Последние слова Киппер произнес подчеркнуто твердо. А мне слышался за ним девиз древних мореходов, бороздивших океан на утлых челнах: «Плавать, однако же, необходимо...»
Обсерватория в Тыравере — детище старого ученого. Он был одним из ее основателей, руководил ее строительством, затем много лет работал директором и лишь недавно передал бразды правления молодому ученому Вейно Унту.
— У нас, как в Пулкове,— продолжал академик,— бывают отличные ночи для наблюдений, ясные дни, хотя, увы, не так уж много. Однако обсерватория — это не только хороший астроклимат (хотя и это важно), а прежде всего люди— упорство, изощренность ума. Кстати, наша обсерватория переживает как бы второе рождение... Она продолжательница обсерватории в Тарту, построенной еще в начале прошлого века. В Тарту работал великий ученый В. Струве, основатель нашей астрономической столицы — Пулкова. Тыраверская же обсерватория — ровесница космической эры. И вообще вся наша работа тесно связана с космосом: мы теперь наблюдаем не только с земли, но и с заоблачных высот.
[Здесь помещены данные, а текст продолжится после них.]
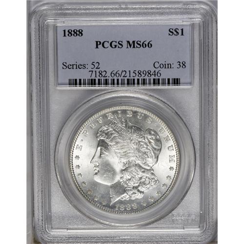 <B>1888<img border='0' src='http://www.heritagecoins.com/images/star.gif' width=10 height=10>$1> MS66 PCGS.</B></I> This untoned piece has great luster and a typical strike for the issue, with slight flatness in the center of the obverse and on the stars. A sparkling example of a Philadelphia Mint dollar.<BR><I>From The Chicago-Ark Collection.</B></I>
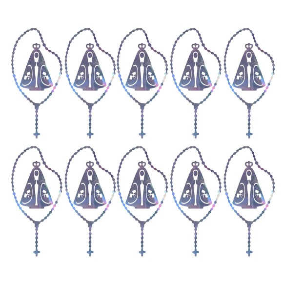 *Adesivo Terço N. Sra. Aparecida c/ 10 unid. Prata - 8,5x4cm.
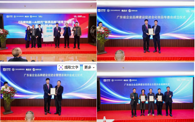 峰会同步落地多项赋能举措:“品牌广东公益平台”启动筹备,培育广东知名品牌,运营粤品说广东精品数字营销平台,致力为广东培育1000家“全球竞争力企业”品牌;“读书读城读企业”研学之旅首站将于1月30日走进云浮新兴县,探索县域经济与品牌发展融合路径;广东省企业品牌建设促进会管理咨询分会、化妆品专委会正式成立,将为细分行业提供专业品牌服务支撑。

Мне показали некоторые документы из архива Института астрофизики.
1957 год. Большая фотография, чем-то напоминающая известную картину «Три богатыря»: профессора Аксель Киппер, Харальд Керес и Григорий Кузмин: один в бинокль, двое по-простецки, из-под руки, осматривают местность, где будут воздвигнуты астрономические купола.
Тот же 1957 год. Осень. Киппер выступает перед колхозниками, просит уступить землю в Тыравере для строительства на ней обсерватории.
— Впрочем,— вспоминал ученый,— особенно уговаривать не пришлось. Лучшим агитатором за строительство обсерватории стал первый в истории советский искусственный спутник Земли.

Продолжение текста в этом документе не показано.